### TASK GOAL
Given the records below, the lines starting at the line with "Old exhibition label" and ending at the line with "Another one of" should be output exactly, both end lines kept and pictures left out.

EXTRACTED DATA START

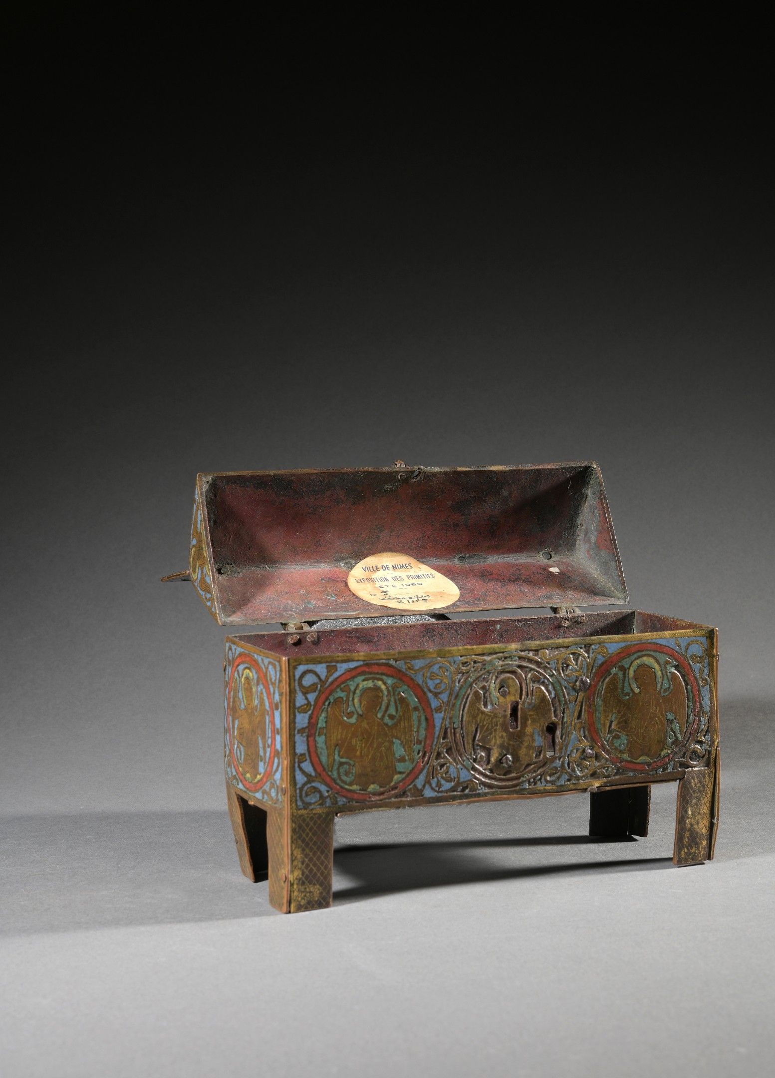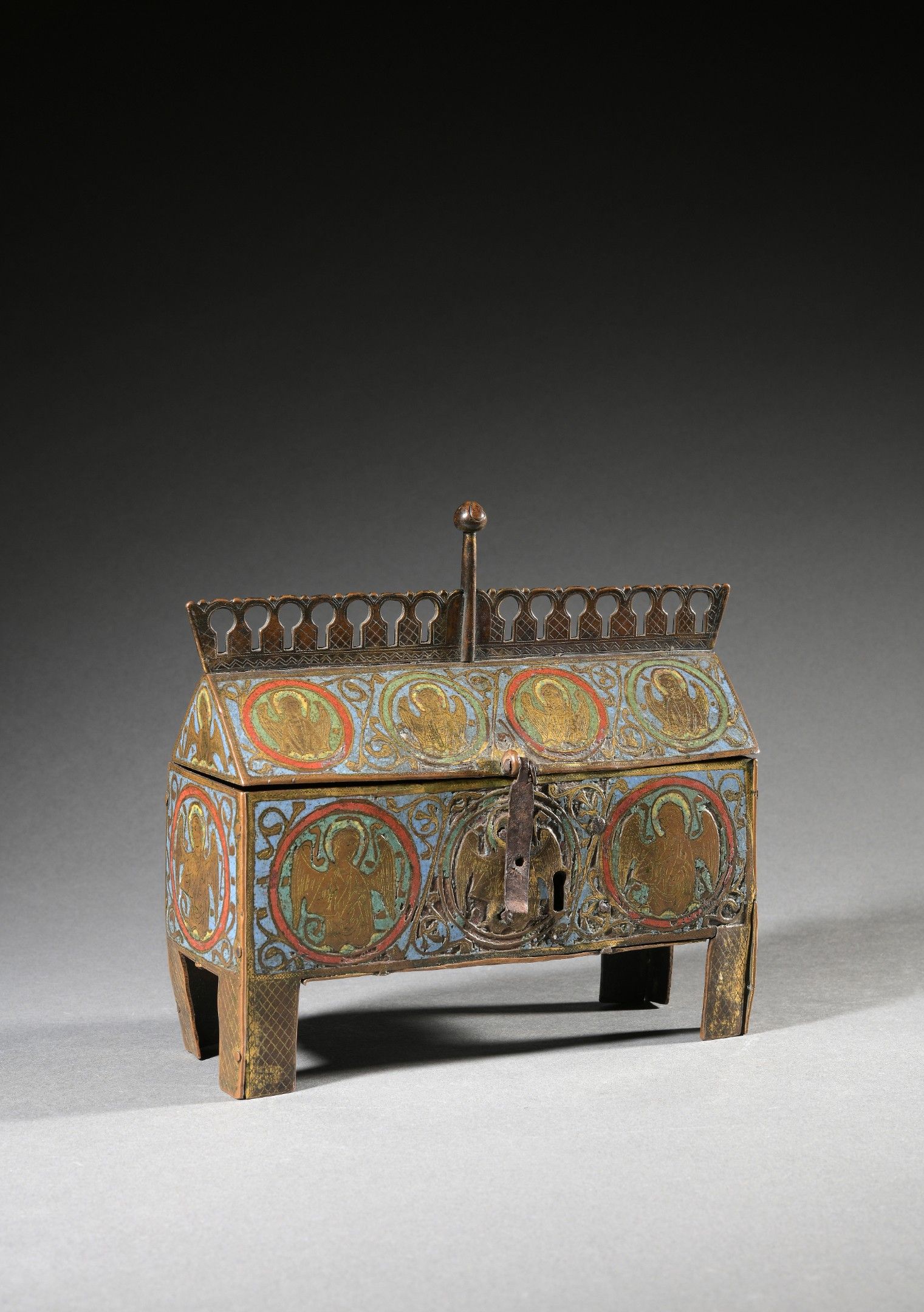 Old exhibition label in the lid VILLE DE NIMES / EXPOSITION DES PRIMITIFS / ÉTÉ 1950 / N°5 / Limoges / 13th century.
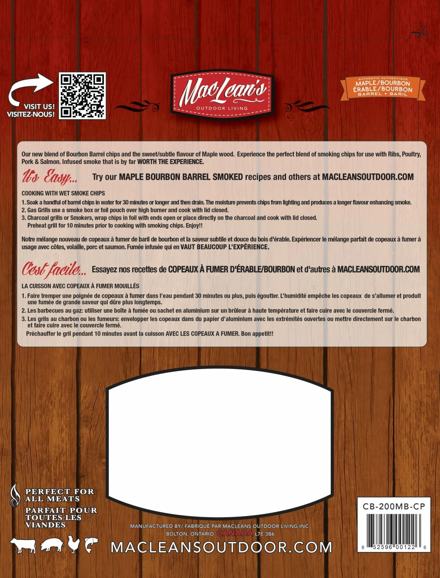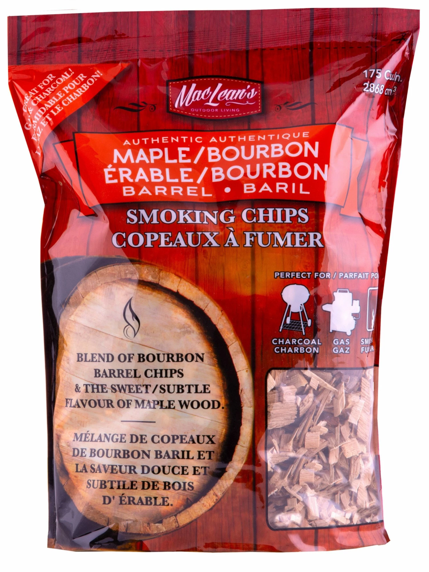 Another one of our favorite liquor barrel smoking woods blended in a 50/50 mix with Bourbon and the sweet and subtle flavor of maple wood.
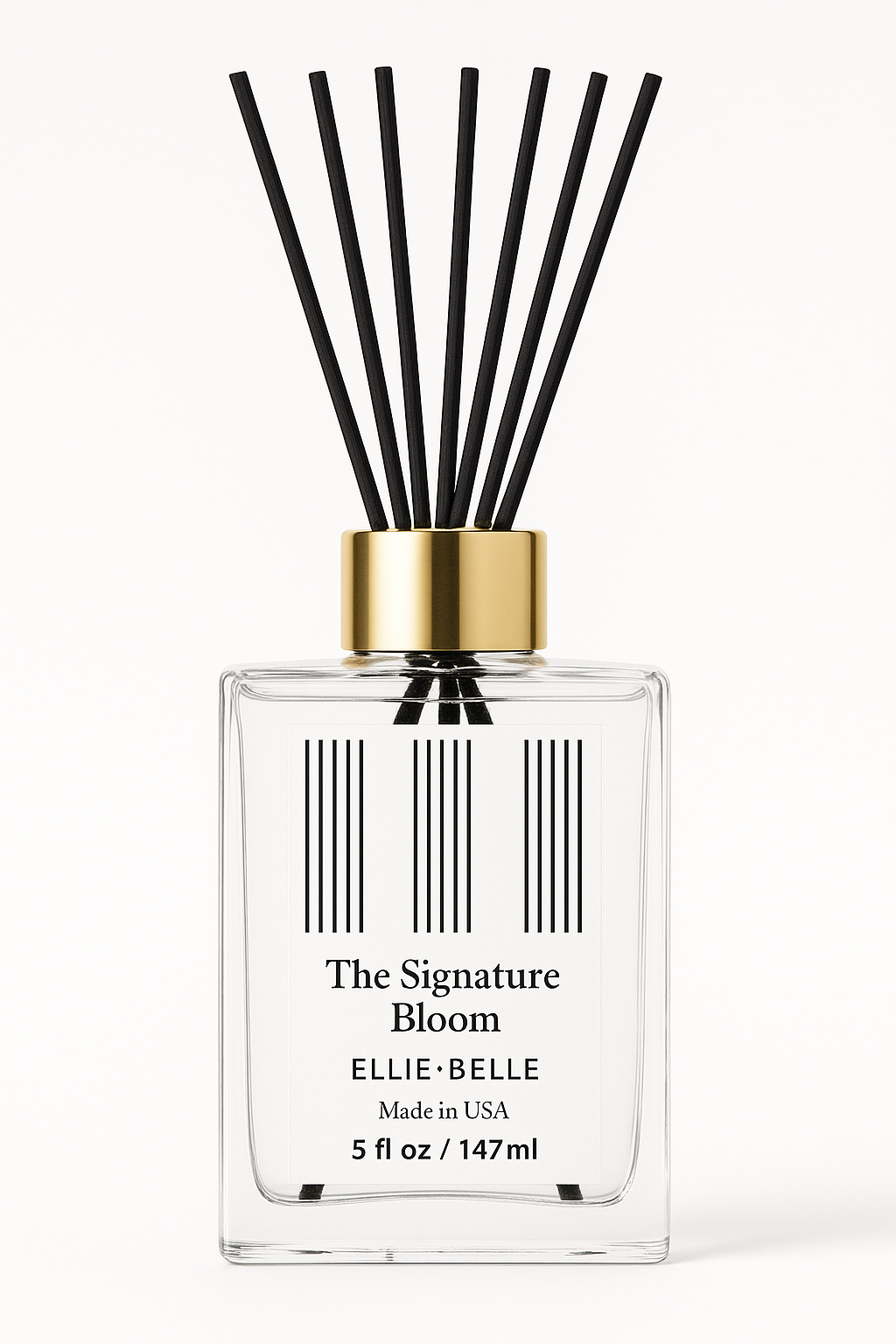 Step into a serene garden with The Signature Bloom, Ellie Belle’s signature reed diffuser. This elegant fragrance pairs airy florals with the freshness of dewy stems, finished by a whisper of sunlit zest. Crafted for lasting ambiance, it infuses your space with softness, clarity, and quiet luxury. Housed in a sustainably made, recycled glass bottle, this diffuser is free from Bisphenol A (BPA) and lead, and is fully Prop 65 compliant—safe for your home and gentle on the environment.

EXTRACTED DATA END
EXTRACTED DATA START

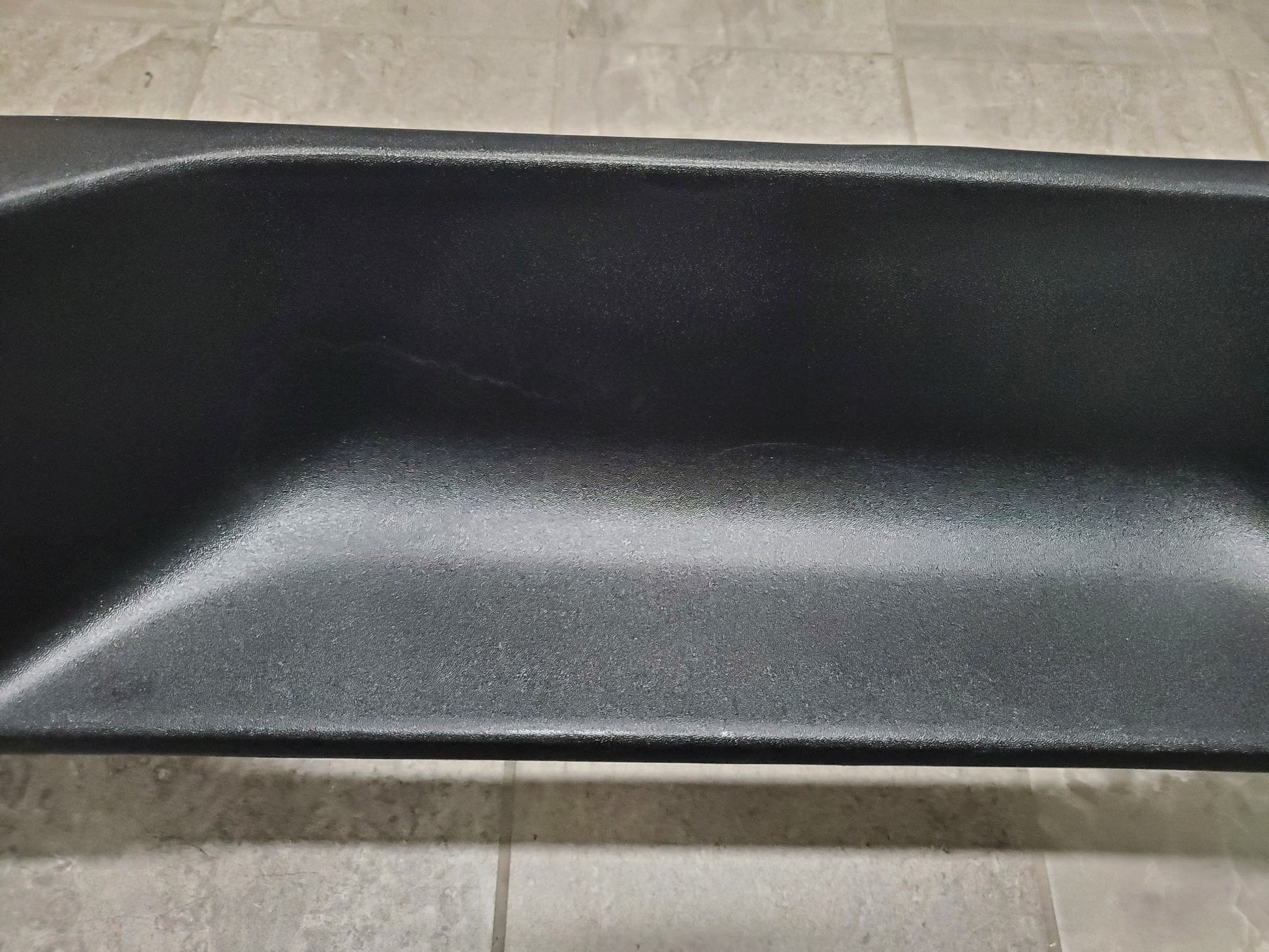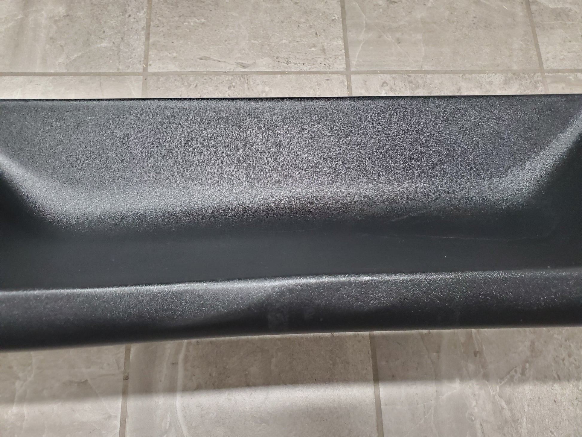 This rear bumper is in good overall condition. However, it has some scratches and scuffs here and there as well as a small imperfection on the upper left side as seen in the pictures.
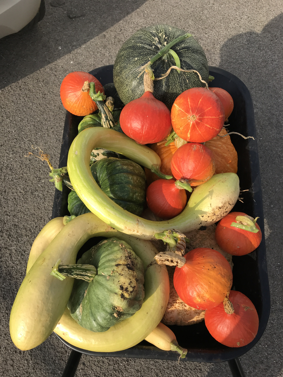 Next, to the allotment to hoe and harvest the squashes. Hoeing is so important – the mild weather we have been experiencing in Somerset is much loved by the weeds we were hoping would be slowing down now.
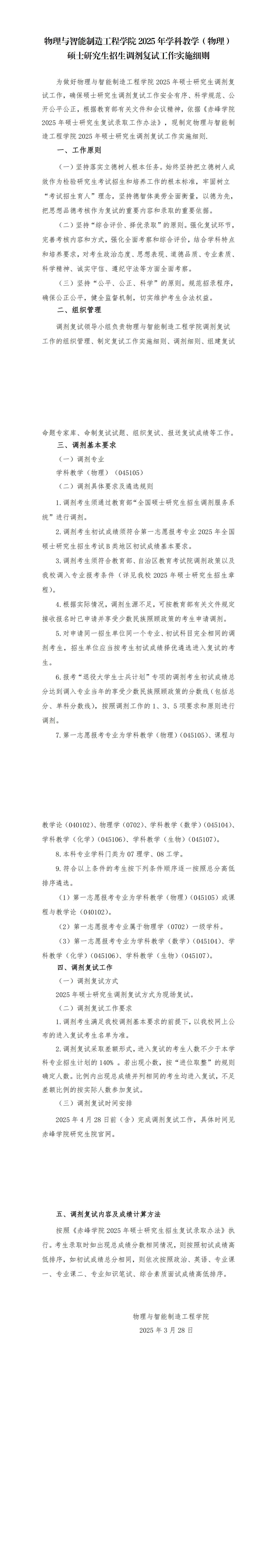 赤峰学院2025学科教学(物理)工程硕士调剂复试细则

EXTRACTED DATA END

### REPLY
 Old exhibition label in the lid VILLE DE NIMES / EXPOSITION DES PRIMITIFS / ÉTÉ 1950 / N°5 / Limoges / 13th century.
 Another one of our favorite liquor barrel smoking woods blended in a 50/50 mix with Bourbon and the sweet and subtle flavor of maple wood.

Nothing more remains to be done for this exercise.